それから自分でお湯を沸かして、カフェインレスのコーヒーを淹れました。近頃はダイエットが習慣化し、タバコもカフェインもセックスもやめて暮らしています。獣じみた欲望を絶ち、穏やかに健やかに生きていきたいと感じたからです。あとは酒をやめれば完璧ですが、これがなかなかうまくいきません。今夜も少し飲み過ぎてしまいました。
寝る前に、ベッドでデカフェのコーヒーを飲みながら、なんとなく聖書を手に取りました。子供のときにひととおり読んだことはありますが、ゆっくり再読してみようと考えたのです。パラパラと聖書特有のとても薄いページをめくると、とある懐かしい一節につきあたりました。
「自分を愛するようにあなたの隣人を愛しなさい」
誰でも聞いたことくらいはあるような、有名な言葉です。でも、これが心にじわりと染み入ってきました。そうだ。僕は慈しみ深く、全ての人のことを愛し生きよう。そう思いました。

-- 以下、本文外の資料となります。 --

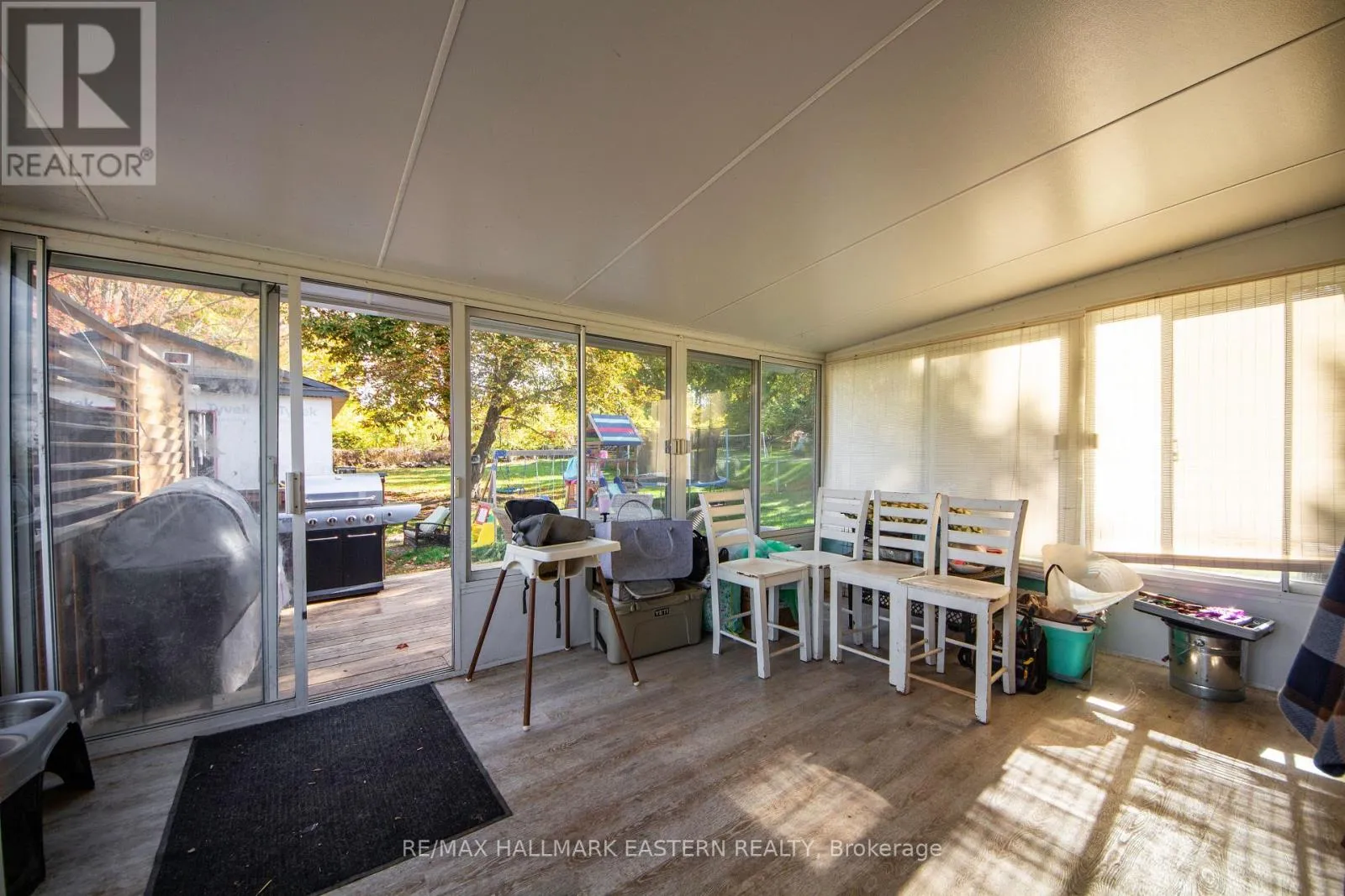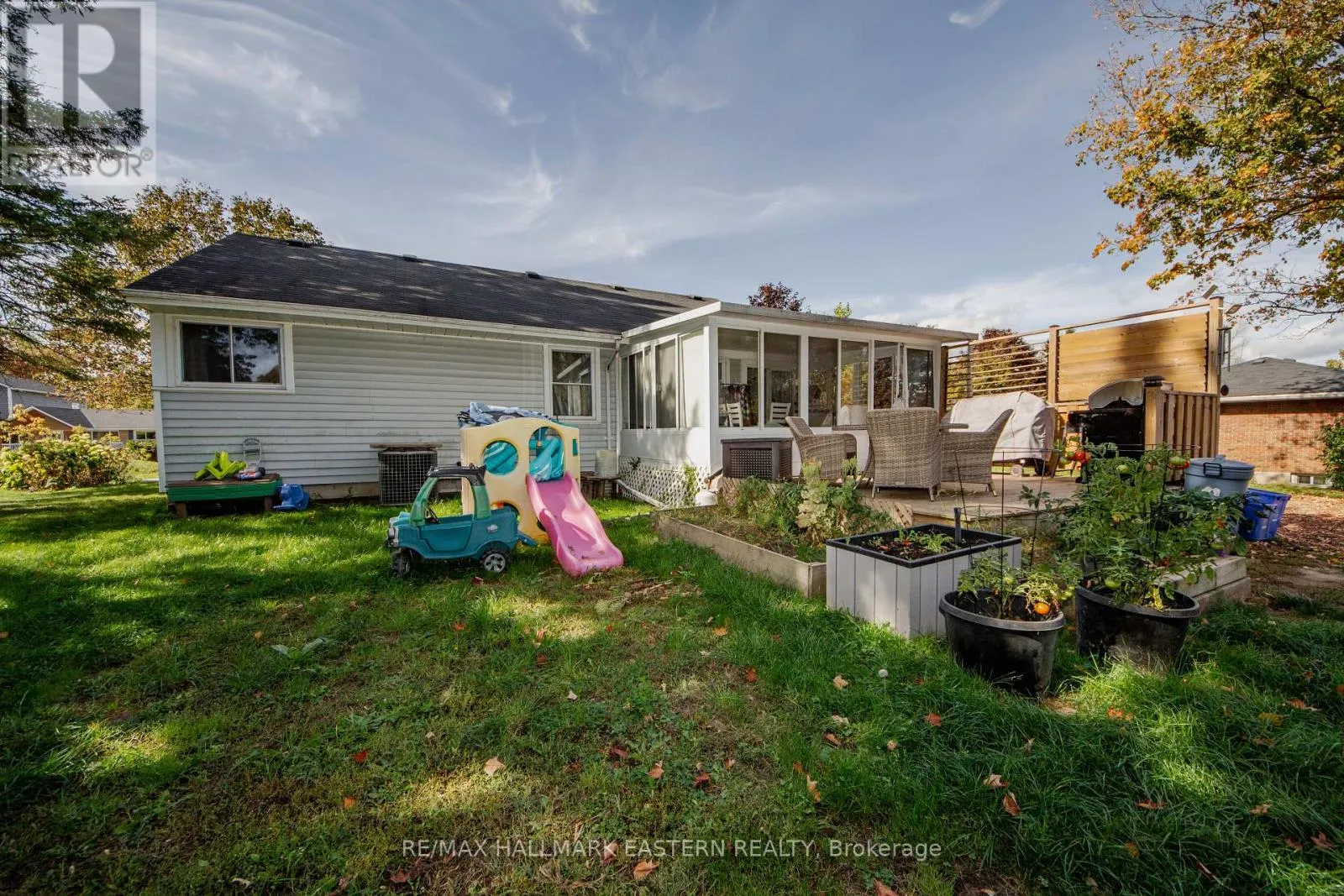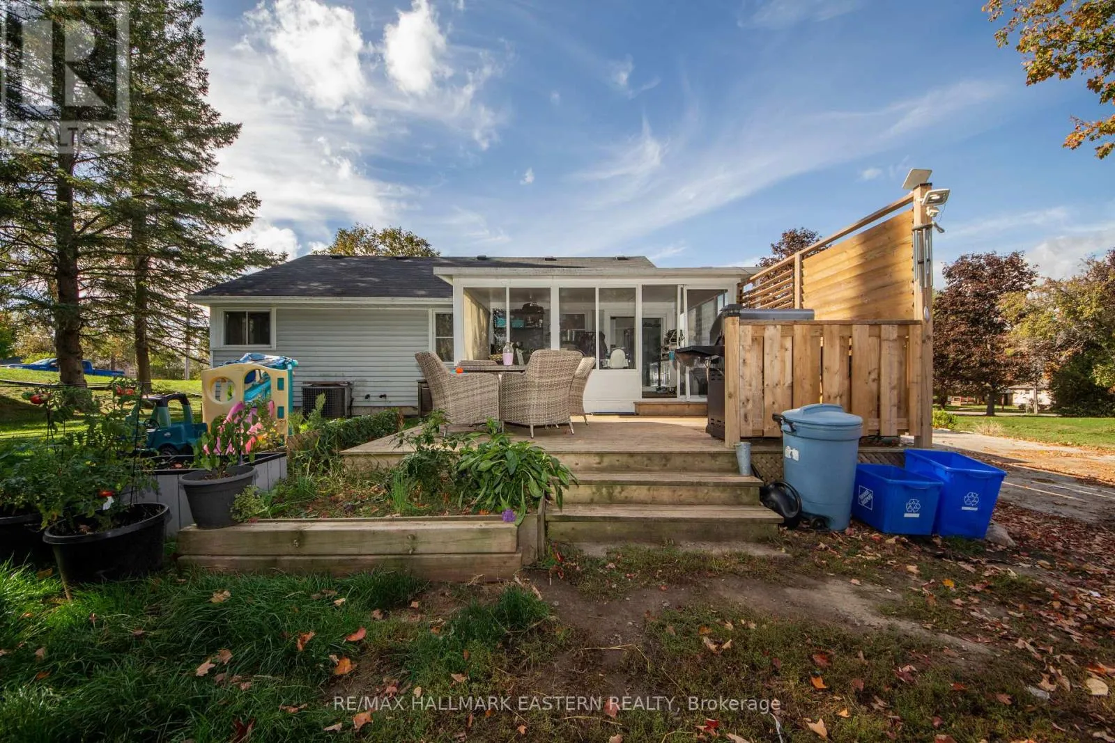 Cross Streets: Ward Street & Mann Road. ** Directions: Ward Street to Mann Road. Great location in the hamlet of Bridgenorth. This well-maintained 3-bedroom bungalow offers a bright 3-season sunroom, a kitchen with ceramic tile, and easy-care laminate flooring throughout the rest of the home. The full basement is ready for your finishing touches, providing plenty of potential for additional living space. A Generlink connection on the hydro meter is ready for your generator, ensuring peace of mind during power outages. The newer 24' x 32' insulated and wired shop/garage features a 9' x 11' overhead door, with new siding to be installed in the coming weeks. All of this is within walking distance to Chemong Lake, local shops, and everyday amenities. (id:27476)

それから僕はベランダに出てコーヒーカップを叩き割り、大声で叫びました。
「やってられるか!!!!!!!!!!!!」
A CLOCKWORK ORANGE
こんな、こんな原稿の何が面白いっていうんだ!? 僕自身書いてて吐き気がするくらい退屈でしたよ!
公園のおじいさん、老人になっても会社の名前に縛られてんのか? 男ってアホだな。ガキは僕にケータイの通話代金を支払ってください。それから、僕は休日に立ち飲み屋で飲んでるような人種が嫌いなんですよ! 反吐が出そうだ! お前らみんな、ドストエフスキーの百万分の一の価値しかないんだからな!(スリッパを床に叩きつけながら)
いやいやいやいや……なんて言ってたらまた元の木阿弥です。友達が欲しいと相談して、結局のところ「友達なんかいらない」と言い出したり、なんだかんだと。僕はそうやってこれまで、読者のアドバイスを無下にし続けてきました。でもそろそろアドバイスを参考に経験したことを踏まえて、どうすればいいのかを考えなくちゃいけない。そうじゃなきゃ連載してる意味がありません。
どうやら僕は小さな幸せを大事に出来ないようです。それはわかり過ぎるくらいにわかりました。もう諦めます。でも人を見下さない、身近な人を尊敬する、これは出来るはずです。
でもちょっと待ってください。よく考えたら、そもそもみんな僕のこと見下してるじゃないですか! 見下したり、見下されたりするのがむしろ自然なんじゃないですか?
……というか、そもそも僕はなんで人を見下してしまうんでしょうか。一体いつからなのか……さかのぼってみると、どうやら物心ついたときから僕は人を見下していたようです。とはいえ、こんな僕だって身の回りの人を尊敬したことが全くないわけではありません。ただ、徐々に幻滅するようになり……ああ、そうか。
僕は幻滅するのが怖いから身近な人を尊敬出来ないんです。
だったら、期待値を思いっきり下げればいい。
なんだ。しかし、こんな簡単なことだったのです。
過大な期待をしてしまうから、がっかりするだけ。
三日前にこの悟りに至り、それから僕は生きてる人全てを凄いと思うようになりました。今までより少しだけ、人に優しくなれているような気がします。穏やかな気持ちで人に接することが出来ています。
人は生きてる限り過ちを犯し、間違えてしまう生き物です。でもそれは僕も同じ。互いに許し、思いやることが大事なのではないでしょうか。
と、そんなどこかで聞いたような理屈で、自分をセルフ洗脳することにしました。
そうして日々は穏やかに過ぎていきます。近頃は僕も毎日ニコニコしています。両親とも笑顔で会話し、飼い犬のエヴァに手を噛まれても、笑っています。
怒りに似た感情が湧き上がりそうになるたび、自分に、何度も諭すように言い聞かせます。
こんなもんさ、なにごとも。
大丈夫大丈夫大丈夫大丈夫大丈夫大丈夫大丈夫。僕は正常です。
僕の心は穏やかです。もう死にたくはありません。